- Expect CMS to move against backlog held up by litigation.
- Expect an increase in DOJ investigative and enforcement actions.
The D.C. Circuit Court of Appeals has reversed a lower court opinion that vacated the Center for Medicare and Medicaid Services (CMS) Overpayment Rule for Medicare Advantage Organizations (MAOs). As a result, CMS may again require MAOs to return payments that were based upon diagnoses that were unsupported by medical records.
The Overpayment Rule, which was established by the Affordable Care Act (ACA), requires that an overpayment be reported and returned within 60 days after the date on which the overpayment was identified (or, if applicable, by the cost report due date). Health care providers and suppliers may otherwise face liability under the False Claims Act (FCA) and the Civil Monetary Penalties Law (CMPL). They may also be subject to exclusion from federal health care programs.
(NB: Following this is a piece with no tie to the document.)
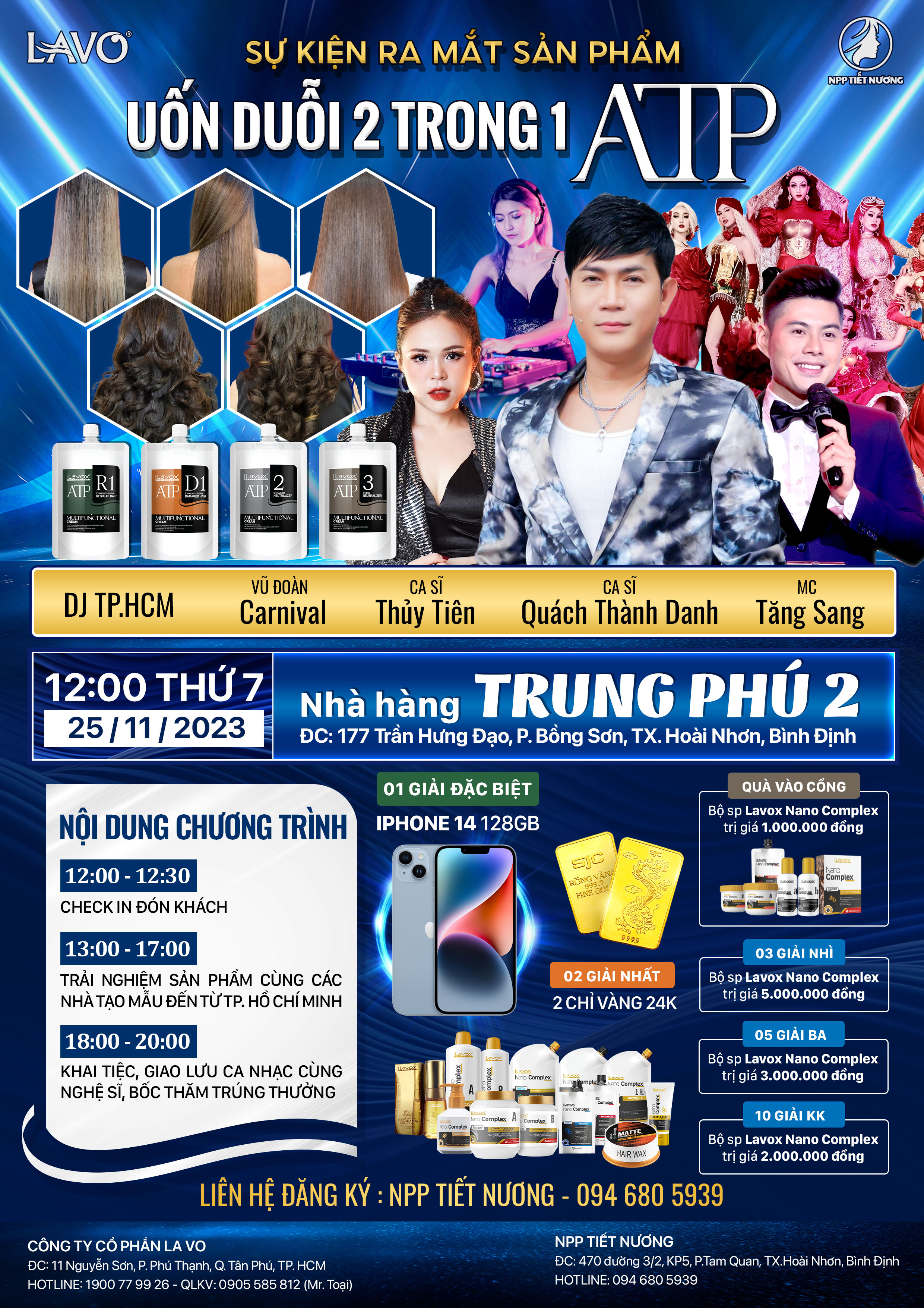 👉 Ngày 25/11/2023, Công ty CP LA VO sẽ chính thức giới thiệu đến các salon trên địa bàn tỉnh Bình Định sản phẩm Kem uốn duỗi thông minh 2 trong 1 ATP.

In its opinion, the Court states that “[t]he Overpayment Rule is part of the government’s ongoing effort to trim unnecessary costs from the Medicare Advantage program” and “[n]either Congress nor CMS has ever treated an unsupported diagnosis for a beneficiary as valid grounds for payment to a Medicare Advantage insurer. Consistent with that approach, the Overpayment Rule requires that, if an insurer learns a diagnosis it submitted to CMS for payment lacks support in the beneficiary’s medical record, the insurer must refund that payment within sixty days. The Rule couldn’t be simpler.”
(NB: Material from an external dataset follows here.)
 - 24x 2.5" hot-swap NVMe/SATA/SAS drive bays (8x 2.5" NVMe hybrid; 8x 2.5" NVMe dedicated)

This ruling means CMS could move against the backlog of risk adjustment-related recoupments that it put on hold while it awaited the outcome of the litigation. This may have a significant financial impact on payors; according to the Government Accountability Office (GAO), overpayments amounted to about 10 percent of all Medicare Advantage payments in fiscal year 2016. This ruling is also likely to lead to an increase in investigative and enforcement actions. The significance of the ruling extends to the Department of Justice (DOJ), which has intervened in many qui tam actions that have accused MAOs of gaming the system by applying unsupported diagnostic codes to patient records in order to receive higher reimbursements from CMS.